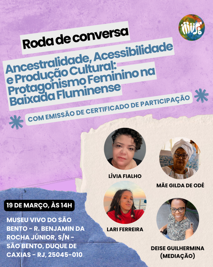 No dia 19 de março, às 14h, o Museu Vivo do São Bento (MVSB), em Duque de Caxias, vai promover a Roda de Conversa “Ancestralidade, Acessibilidade e Produção Cultural: Protagonismo Feminino na Baixada Fluminense”. A atividade vai ocorrer na Sede Administrativa do MVSB e vai contar com emissão de certificado de participação (horas complementares). É necessário sinalizar que deseja o documento no ato da inscrição via formulário disponibilizado logo abaixo.
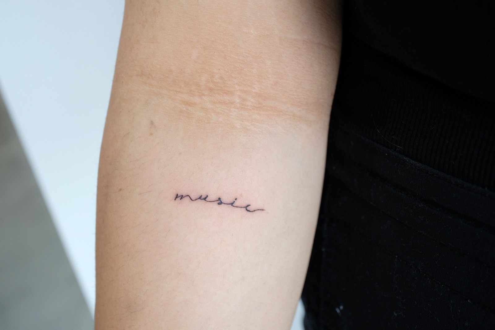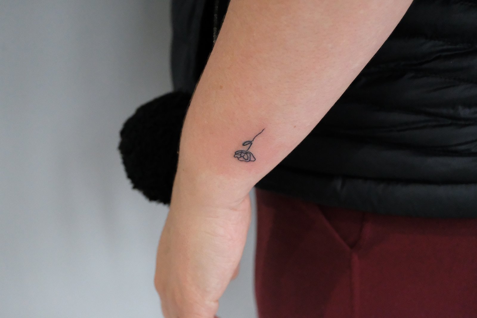 $50 mini tattoos are simple fine lines, approximately 1.5 inch and in black ink.
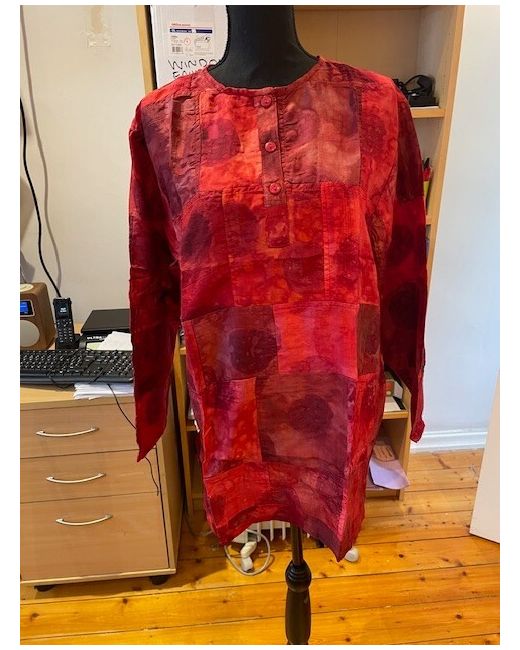 Red Tye Dye Silk Patchwork Casual Baggy Top.
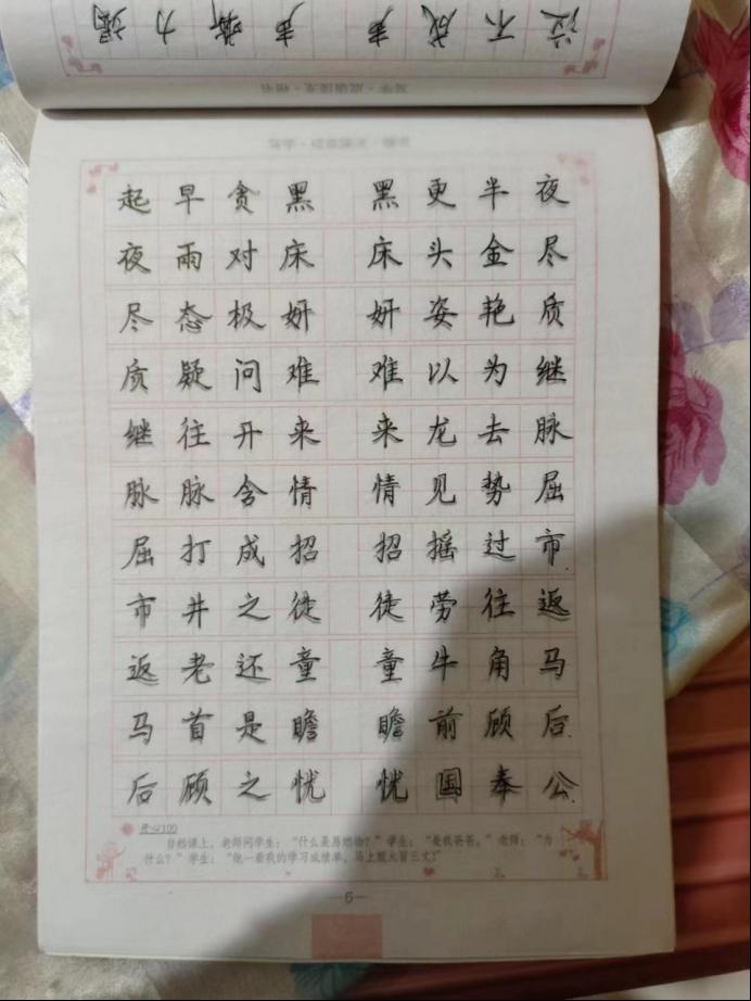 经过第一周的实践,我们已经逐步投入社会实践学期。钢楷临摹是是社会实践学期的首项任务,钢楷临摹考验的是耐心,我们仍需坚持,一笔一划去认真书写,在临摹过程中静下心来,戒骄戒躁,受益良多。

WHAT THE TASK ASKS: From the line containing "Red Tye Dye Silk Patchwork Casual Baggy Top." down to the last line of the data, print every line exactly and nothing else. Pictures stay out of the copy.

OUTPUT:
 Red Tye Dye Silk Patchwork Casual Baggy Top.
 经过第一周的实践,我们已经逐步投入社会实践学期。钢楷临摹是是社会实践学期的首项任务,钢楷临摹考验的是耐心,我们仍需坚持,一笔一划去认真书写,在临摹过程中静下心来,戒骄戒躁,受益良多。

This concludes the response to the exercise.